There are many well-suited real-world data sets (most of them are traffic data) that can be used to spatiotemporal data modeling tasks. Some are carefully selected as follows,

It is not difficult to use these data in your experiments. For example, if you want to view or use these data sets, please download them at the ../datasets/ folder in advance, and then run the following codes in your Python console:

import scipy.io

tensor = scipy.io.loadmat('../datasets/Guangzhou-data-set/tensor.mat')
tensor = tensor['tensor']

This is simple case on Guangzhou urban traffic speed data set. The traffic speed observations are formatted as a third-order tensor which is of size 214-by-61-by-144. Here, we have 214 road segments, 61 days, and 144 time steps in each day.

In particular, if you are interested in large-scale traffic data, we recommend PeMS-4W/8W/12W and UTD19. For PeMS data, you can download the data from Zenodo and place them at the folder of data sets (data path example: ../datasets/California-data-set/pems-4w.csv). Then you can use Pandas to open data:

import pandas as pd

data = pd.read_csv('../datasets/California-data-set/pems-4w.csv', header = None)

For model evaluation, we mask certain entries of the “observed” data as missing values and then perform imputation for these “missing” values.

Data processing examples

  • London movement speed data set

Example code for processing movement speed as a multivariate time series data. This is indeed a spatiotemporal matrix which consists of 200,000+ road segments (i.e., 70,000+ road segments with different directions) and 30 x 24 time points. Note that this data set is downloaded from Uber movement project.
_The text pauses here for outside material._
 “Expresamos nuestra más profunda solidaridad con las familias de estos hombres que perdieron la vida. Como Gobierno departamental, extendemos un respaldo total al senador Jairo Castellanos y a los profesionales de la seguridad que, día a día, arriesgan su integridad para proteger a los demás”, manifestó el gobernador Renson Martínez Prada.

For getting the data file movement-speeds-hourly-london-2019-4.csv, you need to choose city as London, product type as speeds, and time period as 2019 Quarter 2.

import numpy as np
import pandas as pd

data = pd.read_csv('../datasets/London-data-set/movement-speeds-hourly-london-2019-4.csv')
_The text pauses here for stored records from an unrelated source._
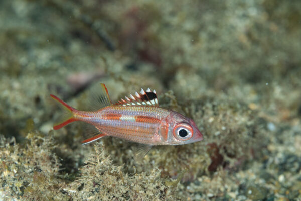 3cm程の小さな体ですが、暗い水中でひときわキラリと目立っています!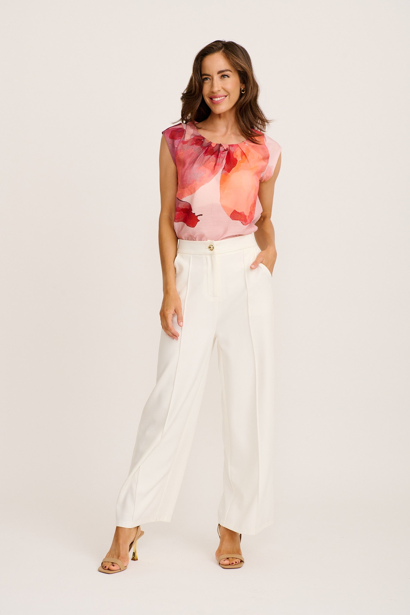 Cut from a lightweight, breathable viscose‑polyamide blend, this top sits beautifully against the skin. The simple round neckline and cap sleeves keep the design clean, letting the vibrant print take centre stage. Pair with tailored pants or a flowing skirt for a versatile ensemble that transitions from daytime gatherings to evening plans with ease.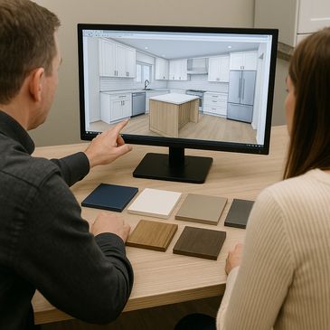 We listen first, then work with you in real time in the showroom to refine the design and finalize the details. With full-color renderings on a large screen, you can clearly visualize your space and move forward with confidence.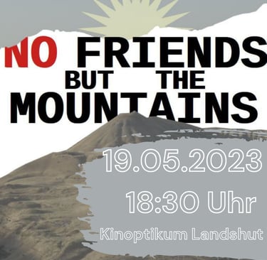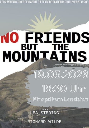 Die Vorführung des Dokumentarfilms „No Friends but the Mountains“ am 19. Mai 2023 im Kinoptikum Landshut wurde gut besucht und bot dem Publikum einen klaren Einblick in die politische Situation in Südkurdistan. Der Film begleitet die Reise einer europäischen Friedensdelegation, die im Sommer 2021 vor Ort die Entwicklungen des sich zuspitzenden Angriffskriegs der türkischen Regierung untersuchte und versuchte, internationales Augenmerk auf die Lage in der Region zu lenken.

road = data.drop_duplicates(['osm_way_id', 'osm_start_node_id', 'osm_end_node_id'])
road = road.drop(['year', 'month', 'day', 'hour', 'utc_timestamp', 'segment_id', 'start_junction_id',
                  'end_junction_id', 'speed_mph_mean', 'speed_mph_stddev'], axis = 1)
tensor = np.zeros((road.shape[0], max(data.day.values), 24))
k = 0
for i in range(road.shape[0]):
    temp = data[(data['osm_way_id'] == road.osm_way_id.iloc[i])
                & (data['osm_start_node_id'] == road.osm_start_node_id.iloc[i])
                & (data['osm_end_node_id'] == road.osm_end_node_id.iloc[i])]
    for j in range(temp.shape[0]):
        tensor[k, temp.day.iloc[j] - 1, temp.hour.iloc[j]] = temp.speed_mph_mean.iloc[j]
    k += 1
    if (k % 1000) == 0:
        print(k)
mat = tensor.reshape([road.shape[0], max(data.day.values) * 24])
np.save('../datasets/London-data-set/hourly_speed_mat.npy', mat)

del data, road, tensor
import numpy as np
import pandas as pd

data = pd.read_csv('../datasets/Temperature-data-set/data.tsv', sep = '\t', header = None)
mat = data.values

num_month = 399
tensor = np.zeros((30, 84, 399))
for t in range(num_month):
    tensor[:, :, t] = mat[t * 30 + 1 : (t + 1) * 30 + 1, 1 :]
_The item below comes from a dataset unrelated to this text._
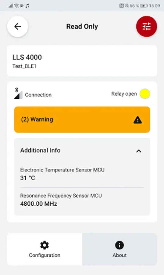 The LLS 4000 app connects remotely to any LLS 4000/4000U liquid level switch via Bluetooth. Once they are paired up, you can select between essential functions.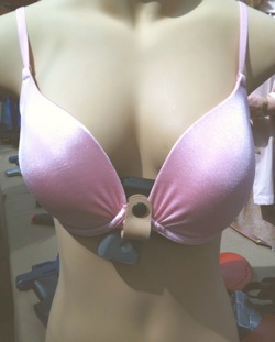 I’m a happily married guy, and here I am talking to Lisa, closely examining a mannequin of a woman’s breasts, complete with a pink brassiere. With hundreds of tough lookin’ NRA dudes staring at me. It got a lot more interesting when Lisa had to ask a group of women examining the new Flash Bang Bra Holster to step back so I could take some close up photos.

np.save('../datasets/Temperature-data-set/tensor.npy', tensor)
  • NYC data set

NYC bike data set is from Deep spatio-temporal residual networks for citywide crowd flows prediction (AAAI 2017).

[In]

import h5py

h5 = h5py.File('../datasets/NYC-data-set/nyc_bike.h5', 'r')
data = h5['data']
data.shape

[Out]

(4392, 2, 16, 8)
  • Benchmark data sets

For example, use the following code:

import numpy as np
from numpy import load

train = load('../benchmark/PEMSD4/train.npz')
val = load('../benchmark/PEMSD4/val.npz')
test = load('../benchmark/PEMSD4/test.npz')
dense_mat = np.append(np.append(train['x'][:, 0, :, 0], val['x'][:, 0, :, 0], axis = 0),
                      test['x'][:, 0, :, 0], axis = 0).T

This train.npz includes [x] and [y], and each is of size (10181, 12, 307, 2). There are 10181 time points, 12 hours, 307 road segments, and 2 parameters (i.e., speed and volume).